Eileen Buggy is an Irish make-up artist and hairstylist who has worked in the film industry since 1993. In addition to being nominated for several other Irish Film & Television Academy Awards (IFTAs), she received awards in the Makeup & Hair category for Ripper Street at the 10th IFTAs and for The Green Knight at the 18th IFTAs.

Career
Buggy has worked with actors such as Anne Hathaway and Martin Sheen; Sheen "personally thanked her for giving him a perm" in Thaddeus O'Sullivan's 2011 film Stella Days.

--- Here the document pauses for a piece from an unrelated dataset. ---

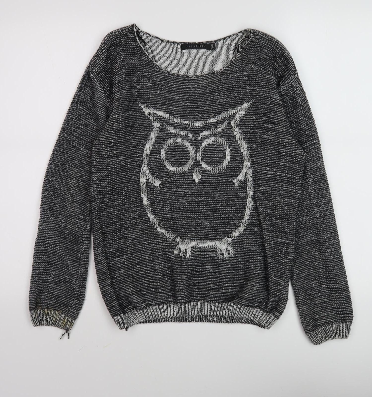 Embrace the eclectic charm of this QED London Women's Grey Owl Knit Jumper, perfect for adding a touch of whimsy to your wardrobe. Featuring a cute and classic owl motif on a backdrop of cosy chunky-knit fabric, this pullover sweater effortlessly blends style with comfort. Its soft acrylic construction ensures warmth and ease, making it an ideal choice for both autumn and winter outings. The round neckline and regular fit flatter your figure, offering a casual yet trendy look suitable for various occasions. Despite minor wear at the cuffs, this jumper maintains a good condition and is ready to find a new home where its unique character can shine. Whether pairing it with your favorite jeans for a weekend coffee run or dressing it up with a skirt for a relaxed office look, this QED London piece is a versatile addition to any sartorial enthusiast's collection. Don't miss out on making this eye-catching jumper a staple item, as it promises to deliver style and coziness in equal measure. Add this charming piece to your clothing line-up today and enjoy the perfect mix of playful design and practical warmth that it offers.

In 2009, Buggy received a nomination for an Irish Film & Television Award, in the Make-up & Hair category, on George Gently. She also received a nomination for the same award in 2010 for Zonad, and a nomination in 2012 for Stella Days. In 2012, she received an Oscar nomination for the 2011 period drama film Albert Nobbs. At the 2013 British Academy Television Craft Awards, she received a nomination in the Best Make-Up & Hair Design category for her work on Ripper Street. In 2020, at the 16th Irish Film & Television Awards, Buggy received a nomination for her work on Vita & Virginia. In 2022, she won the Makeup & Hair category at the 18th IFTA awards for The Green Knight.

Personal life
Eileen Buggy is the sister of actor Niall Buggy. As of 2013 she was living in Drumcondra, Dublin. She is married with four children.

Filmography

Film

Television

References

External links 

Living people
Irish film people
British film people
Irish television people
British television people
Irish actresses
Year of birth missing (living people)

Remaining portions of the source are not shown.